Look here for a video associated with Intelligence Analysts dealing with Satellite transmissions and leveraging this workflow.

SatelliteDemo

It may be hard for some of you, but imagine the different satellites are actually medical devices. Imagine the different compartments are associated with various hierarchies of users at a Corporate level, Branch/Region, Department and individual basis. Imagine the spatial data results of this video as demonstrated using Google Earth, are instead rendering views of XRays, CTScan’s, etc. Hopefully, this is a compelling view of the realm of possibilities. One thing that might appear contrary to what I described earlier is the fact that in this video,  various users know that a satellite exists when they didn’t have a need to know. Some satellites may be Top Secret, so unauthorized users have no need to know that that particular satellite even exists. To correct that situation vs what the video depicts,  if the System of Engagement had requested sign on by the user first, they would not have seen the entire list of satellite’s as that may have been excluded by an additional database query of accessible satellites for that user. However, when comparing to medical devices, there is no secret that there are multiple imaging devices, but the results may not be visible to a user, based on the need to know. Many, many options exist. These are just examples to get the discussion started about new possibilities.

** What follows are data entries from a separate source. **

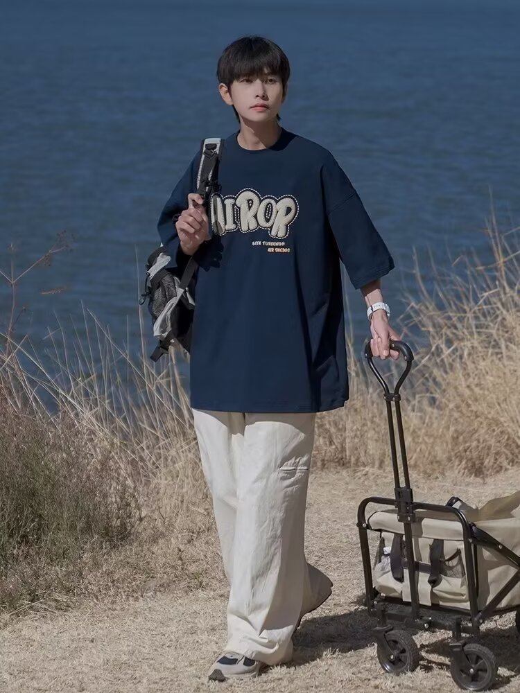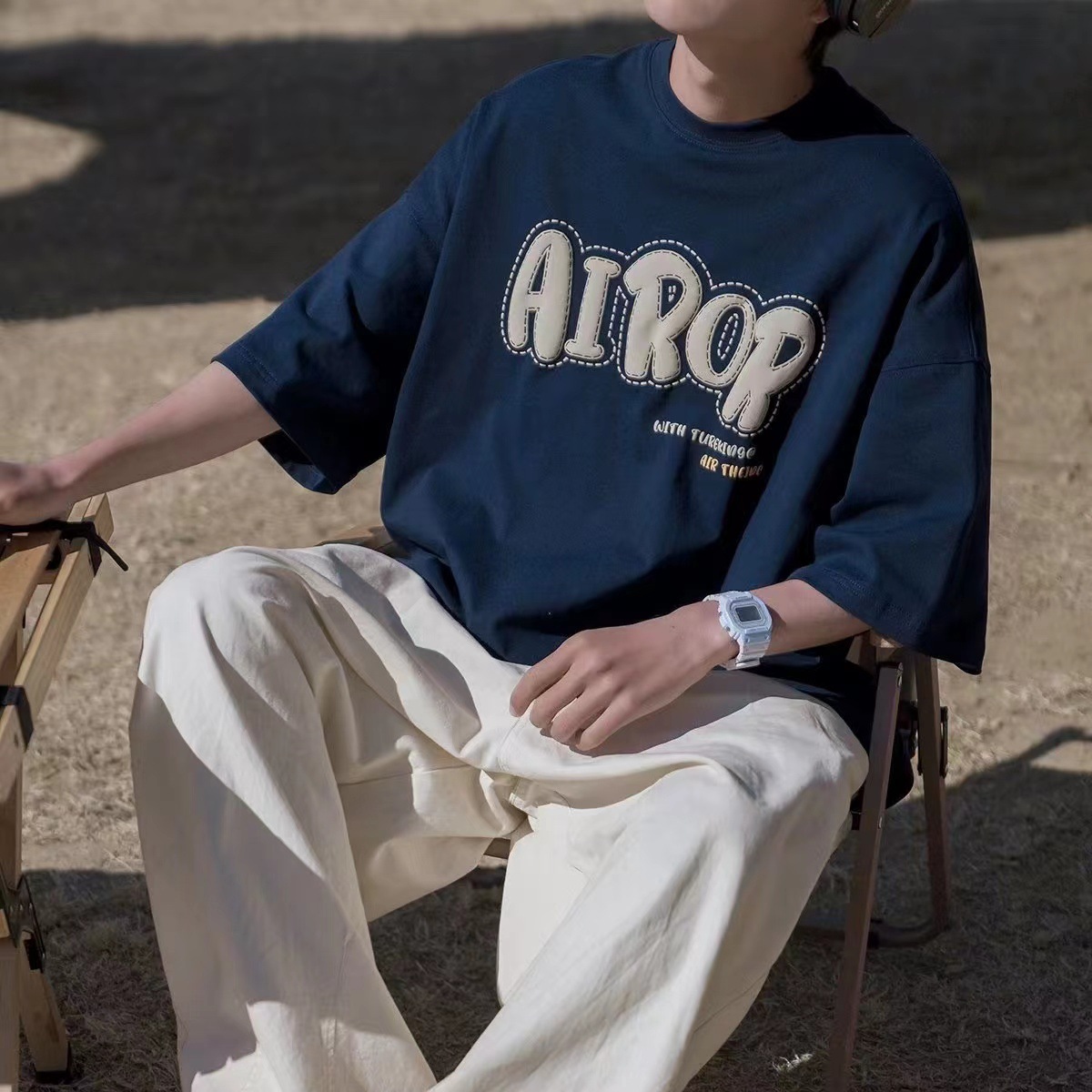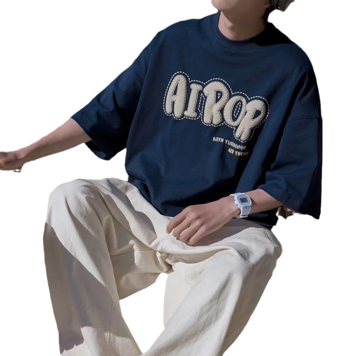 重磅短袖T恤男款潮牌夏季新款棉宽松潮流男生五分袖衣服男款
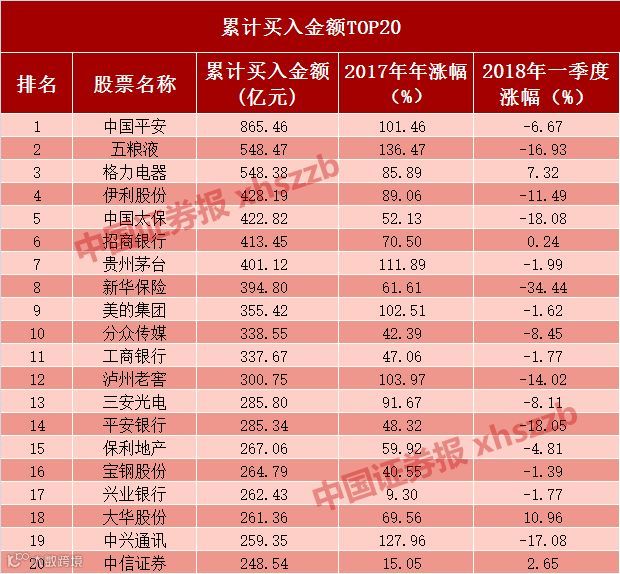 金牛理财网统计数据显示,2017年基金累计买入居前十的股票分别是:中国平安、五粮液、格力电器、伊利股份、中国太保、招商银行、贵州茅台、新华保险、美的集团、分众传媒。 此外,工商银行、平安银行等银行股以及泸州老窖等消费领域的股票也是基金买入居前的品种。
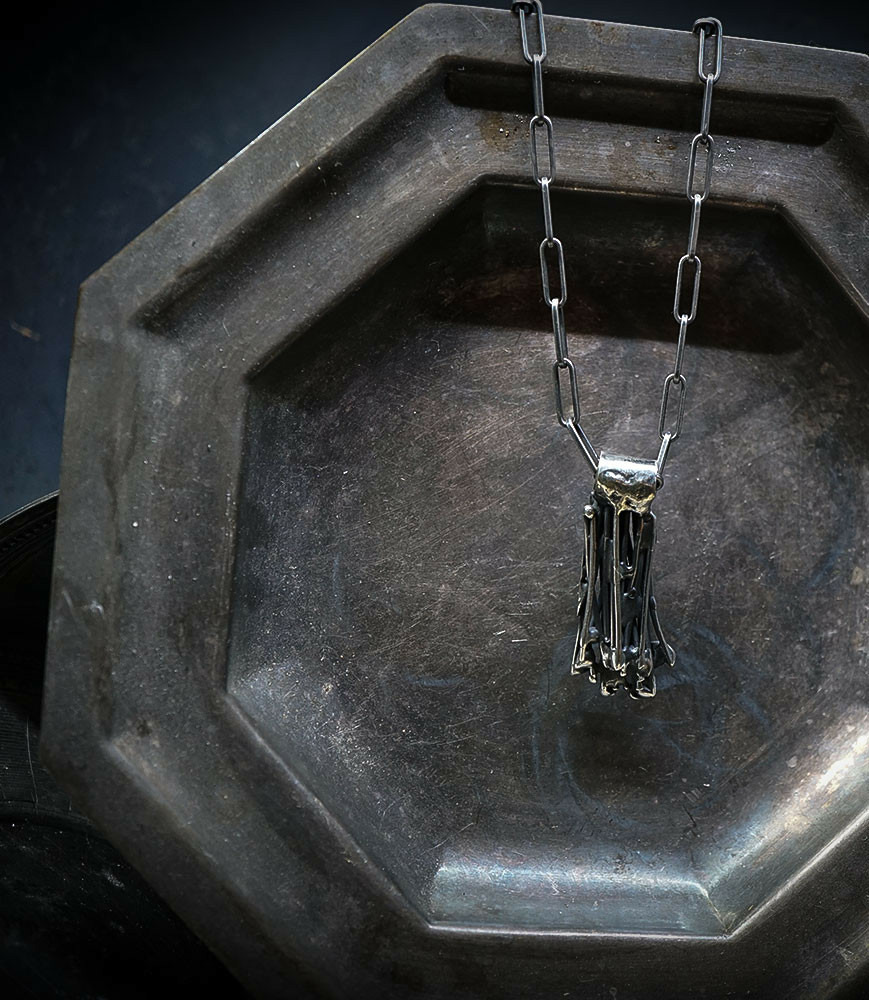 Des pendentifs de la collection Krazy Stones peuvent évoquer la tectoniques des plaques, avec la superposition de différentes pièces d'argent 925/1000 donnant un style géométriques mais asymétriques.

There’s another important aspect of this. Any business with DB2 on z/OS already has the System of Record capability. There is a change in operations management required, but no additional software license charges required to implement this. Other platforms are required to separate data (aka copy it) to facilitate the ease of compartmentalization available on DB2 for z/OS. Analytics can be provided against this system of record locally, by products such as the IBM Data Analytics Accelerator (IDAA) or Veristorm’s zDoop, which is a Hadoop solution running on the mainframe. The mainframe is capable of meeting the service level agreements of both the updates and queries of the database with very large scale.

The Systems of Engagement may be Linux or Windows systems running on Virtual Desktops or PC servers, as well as within Linux for System z or z/OS application and transaction processing environments. The end user access could be from kiosks (thin client terminals), Smart Devices, PC’s or business specific devices e.g. Point of Sale, ATM, police cruiser access points, etc. These systems could be hosted in a public or private cloud. They could be part of an existing system infrastructure. Authentication and access control should be centrally managed across the entire operational infrastructure.

The net of all this is a couple of examples of hybrid computing and collaboration across systems that can dramatically reduce the complexity and improve the efficiency of end to end business processes. If you are still compartmentalizing operations by server silos you may have the unintended consequence of missing some dramatic cost savings or better stated, cost avoidance. Compartmentalization on a need to know basis may initially lead a business toward separation of duties and separation/copying of data. But with the capabilities described, it’s actually a form of consolidation and collaboration that enables a greater degree of sharing the System of Record. You might not have to spend more in systems deployment to solve some very complex problems. Happy programming!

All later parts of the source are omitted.